Still, the report, like the recent one from the Committee on Climate Change (who were chief informants for the assembly) failed to address the role of UK banks financing fossil fuel industry expansion and did not call for a ban on new oil, gas or coal-fields in the UK.  

I confess, I was deeply disappointed when I read the assembly’s assessment. Missing was any sense of urgency driven by the apocalyptic fires burning across the planet as I write, or the latest news outlining the catastrophic collapse in wildlife numbers with another 8 per cent lost in the last two years.

The report was riven with calls for voluntarism and gradualism – not to be economically disruptive. It opposed personal carbon allowances and it literally called for taxes on manufacturers, while opposing any increase in costs to consumers.

This exemplifies the impossible contradictory demand that the public is making on politicians: cut carbon emissions radically but do not impinge on our freedom to do as we please or impose any extra costs on us.  

So, why the complacency and lack of radical proposals?

The answer is simple. The assembly’s members consume the same media and advertising as the rest of us. A media that constantly pours out articles and advertisements promoting high-carbon lifestyles and corporations. Despite calling on the government to provide the information needed to reduce emissions, there were no recommendations calling on the media, marketing industry and education system to do the same.

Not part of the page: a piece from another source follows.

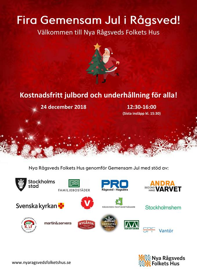 Vill du fira en icke-kommersiell jul? Ja då är du välkommen till Rågsveds Folkets Hus på julafton. Maten, stämningen och gemenskapen är väldigt uppskattad av gäster, som i många fall kommer tillbaka år från år. Alla är välkomna, tillsammans firar vi en fin julafton!

One of Extinction Rebellion’s recent demands has been to encourage the government and media to be transparent about the climate emergency. Decades-long failure to do this is evident in the complacency of the assembly’s report and its exhortation not to do anything that could disrupt the economy, despite it taking place during the Covid-19 crisis, with its devastating economic and health consequences due to the government’s failure to heed the World Health Organisation’s 2019 warning that they were unprepared for a global pandemic. 

There was overwhelming backing from the assembly for the government’s post-covid economic recovery to be invested in the transition to a zero-carbon economy, a recommendation that the government has already failed to implement.

But there was one glimmer of hope. In the final chapter of the report, there is a call for another climate assembly on whether the government target of 2050 is too late, perhaps the most urgent and important in the whole document. In my view, 2030 should be the absolute latest.

As a top priority, the climate movement must press the six parliamentary committees who commissioned the assembly to immediately implement this recommendation. Our future and what is left of nature depends on it.